_DATASET RECORDS_:

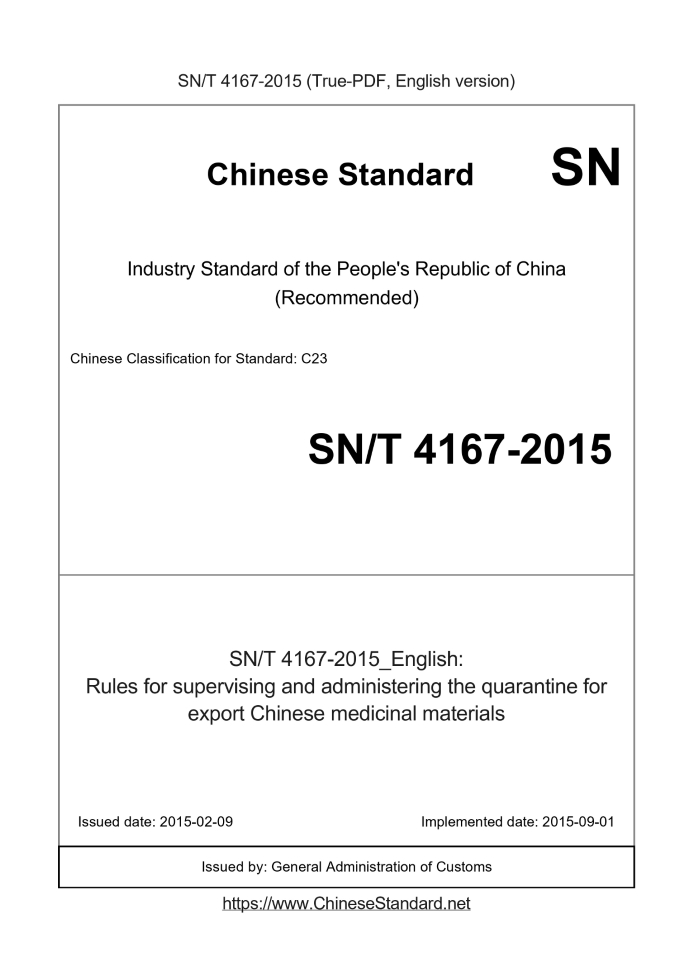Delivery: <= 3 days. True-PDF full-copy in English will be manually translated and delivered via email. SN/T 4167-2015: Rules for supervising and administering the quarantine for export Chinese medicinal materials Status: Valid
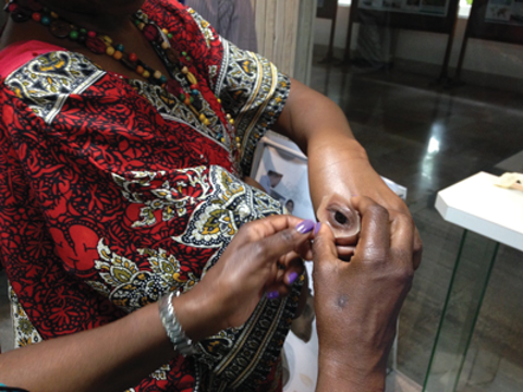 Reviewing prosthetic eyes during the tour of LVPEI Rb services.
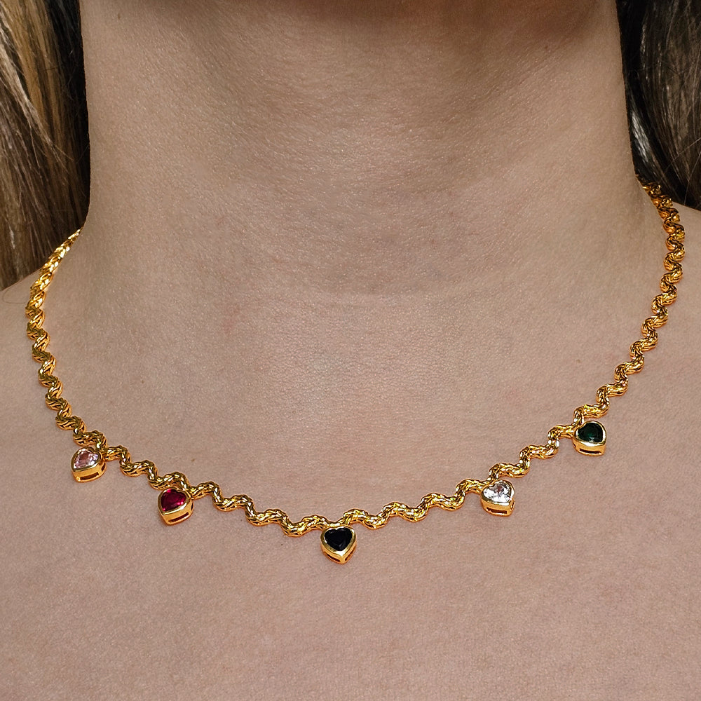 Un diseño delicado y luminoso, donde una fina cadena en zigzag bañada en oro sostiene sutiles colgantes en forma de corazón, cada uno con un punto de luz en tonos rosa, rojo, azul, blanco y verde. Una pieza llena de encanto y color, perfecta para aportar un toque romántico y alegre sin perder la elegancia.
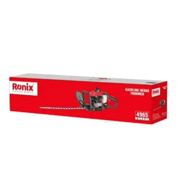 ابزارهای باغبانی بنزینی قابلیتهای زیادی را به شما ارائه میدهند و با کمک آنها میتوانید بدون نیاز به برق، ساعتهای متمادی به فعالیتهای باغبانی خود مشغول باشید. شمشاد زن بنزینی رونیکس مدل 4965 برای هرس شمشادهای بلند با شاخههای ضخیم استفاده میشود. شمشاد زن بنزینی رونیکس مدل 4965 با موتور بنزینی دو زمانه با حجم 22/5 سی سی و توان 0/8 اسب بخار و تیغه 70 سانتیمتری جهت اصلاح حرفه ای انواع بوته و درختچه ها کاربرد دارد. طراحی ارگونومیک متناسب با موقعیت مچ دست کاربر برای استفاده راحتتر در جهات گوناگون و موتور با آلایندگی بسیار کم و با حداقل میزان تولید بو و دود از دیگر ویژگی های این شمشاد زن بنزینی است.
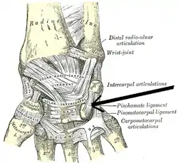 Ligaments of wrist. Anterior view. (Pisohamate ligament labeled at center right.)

_REQUIRED ACTION_: Give back an exact repeat of the lines from the top of the data through the line that holds "Un diseño delicado", both included, and omit pictures.

_RESPONSE TO THE EXERCISE_:
Delivery: <= 3 days. True-PDF full-copy in English will be manually translated and delivered via email. SN/T 4167-2015: Rules for supervising and administering the quarantine for export Chinese medicinal materials Status: Valid
 Reviewing prosthetic eyes during the tour of LVPEI Rb services.
 Un diseño delicado y luminoso, donde una fina cadena en zigzag bañada en oro sostiene sutiles colgantes en forma de corazón, cada uno con un punto de luz en tonos rosa, rojo, azul, blanco y verde. Una pieza llena de encanto y color, perfecta para aportar un toque romántico y alegre sin perder la elegancia.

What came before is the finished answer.